Neighborhoods under threat, say homeowners

| October 26, 2023 | 0 Comments

Los Angeles’ residential, tree-lined streets have long been a treasured part of our city.

But, according to local homeowners groups, those streets are under threat by a state-mandated City of Los Angeles rezoning plan that would allow construction of four- to five-story buildings next to single-family homes.

Under its draft plan, the city is proposing to accommodate construction on a 1.4-million-parcel “inventory of potential sites,” from which the City Planning Department says it will choose a much smaller number of properties to rezone to help deal with a housing shortage.

The inventory includes parcels on residential streets and commercial corridors, according to the Planning Dept.’s draft “Plan to House LA” — the city’s title for the state-mandated housing element of the city’s General Plan.

That mandate, planned for 2021 to 2029, requires zoning capacity for an additional 255,432 housing units to be part of City of Los Angeles-adopted law by February 2025.

Target locations

The draft housing element includes a “Candidate Sites Inventory” in its Appendix 4.7. According to an email to the Chronicle from a City Planning Dept. spokesman, “This list was always intended to serve as an inventory of potential sites for rezoning consideration and not a final list of sites that would be rezoned.”

But neighborhood groups are on high alert.

“It’s baffling,” Cindy Chvatal-Keane, Hancock Park Homeowners Association (HPHOA) president, said of the housing plan.

Larchmont Village
Sycamore Square,
La Brea Hancock, Brookside

Neighborhoods most likely impacted in our area include the areas of the Larchmont Village Neighborhood Association north of Beverly Boulevard plus Sycamore Square, La Brea Hancock and Brookside — areas which are identified as Transit-Oriented Communities (TOC).

“Wouldn’t it be better to build [high-rise buildings] along La Brea [than on residential streets]?,” asks Chvatal-Keane.

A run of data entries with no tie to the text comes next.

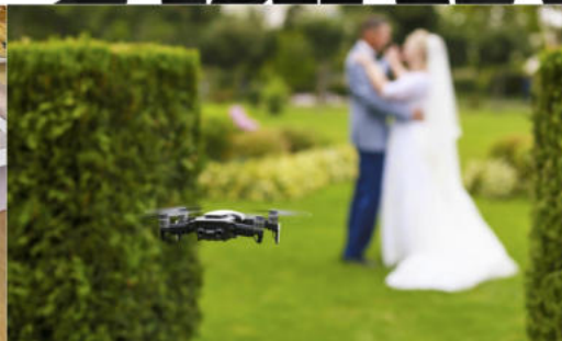
LIVRE PHOTO PRESTIGE
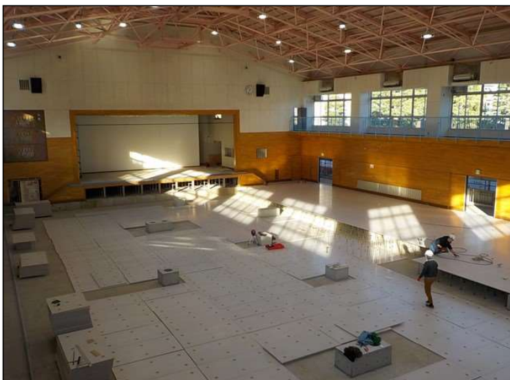
No.3 調布市立第三中学校第一体育館改修工事 アリーナ床改修 施工状況
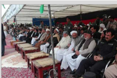
اسماعیل خان: شماری جنایت کار برای مردم افغانستان دردسر ساز شده اند
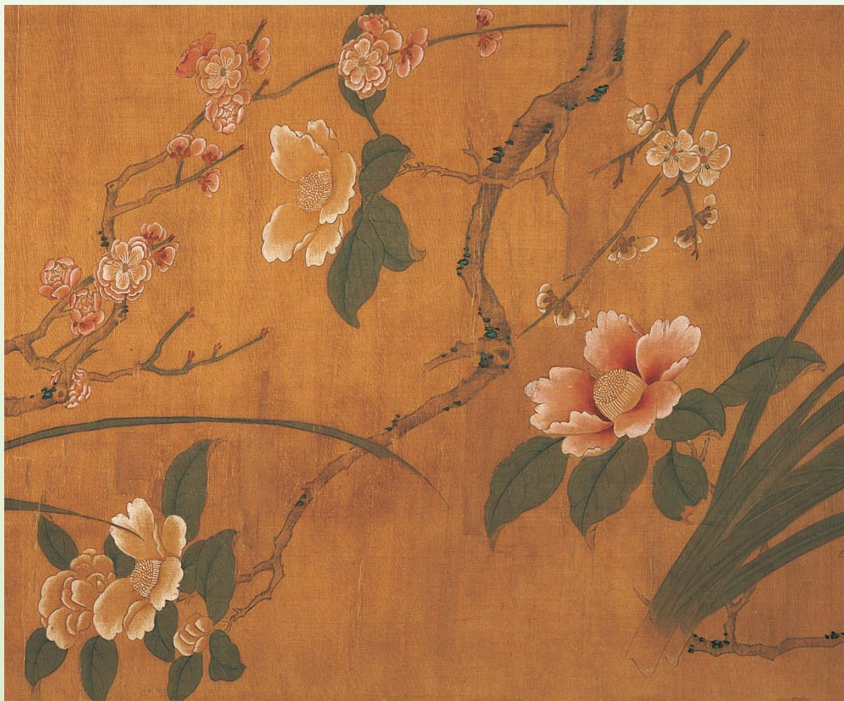
茶花—明 陸治 四時花卉真蹟 局部 國立故宮博物院藏

梅花從冬日盛開，開時清香四溢。白者如滿天雪花，有云：「中庭一樹梅，寒冬葉未開；祇言花是雪，

“If you’re not okay with the fact that a four- to six-story building can be built next to your house, you need to tell your elected official,” Chvatal added. “We don’t want to be at the mercy of developers.”

The HPHOA has joined the Miracle Mile Residential and Windsor Square associations in an email campaign telling their members to “Act Now! Save Our Neighborhoods!” to encourage residents to write their elected officials.

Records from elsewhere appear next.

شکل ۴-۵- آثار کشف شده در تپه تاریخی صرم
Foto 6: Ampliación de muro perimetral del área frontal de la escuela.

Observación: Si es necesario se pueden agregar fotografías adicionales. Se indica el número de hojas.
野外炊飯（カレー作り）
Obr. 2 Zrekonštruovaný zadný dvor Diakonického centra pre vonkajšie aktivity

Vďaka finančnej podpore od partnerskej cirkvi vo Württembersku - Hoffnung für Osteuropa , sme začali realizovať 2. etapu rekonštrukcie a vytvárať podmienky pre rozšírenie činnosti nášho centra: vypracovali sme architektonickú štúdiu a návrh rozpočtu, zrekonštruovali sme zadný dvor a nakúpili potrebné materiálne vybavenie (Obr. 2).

The local neighborhood groups have joined forces with United Neighbors, a statewide coalition of renters, homeowners and community organizations that seeks “equitable and fair housing for all, and the right for all residents to come together to find thoughtful and effective solutions,” Chvatal-Keane told us.

Chvatal-Keane has met with members of the state legislature, city council and the city’s planning department subsequent to the city unveiling the housing plan in 2021. All along, she said, she has been “giving [the city] the benefit of the doubt and expecting they’ll follow through… take action… and that hasn’t happened.”

“Our fear is that they’re not listening, and once the new map comes out, they’re not going to change this,” she said.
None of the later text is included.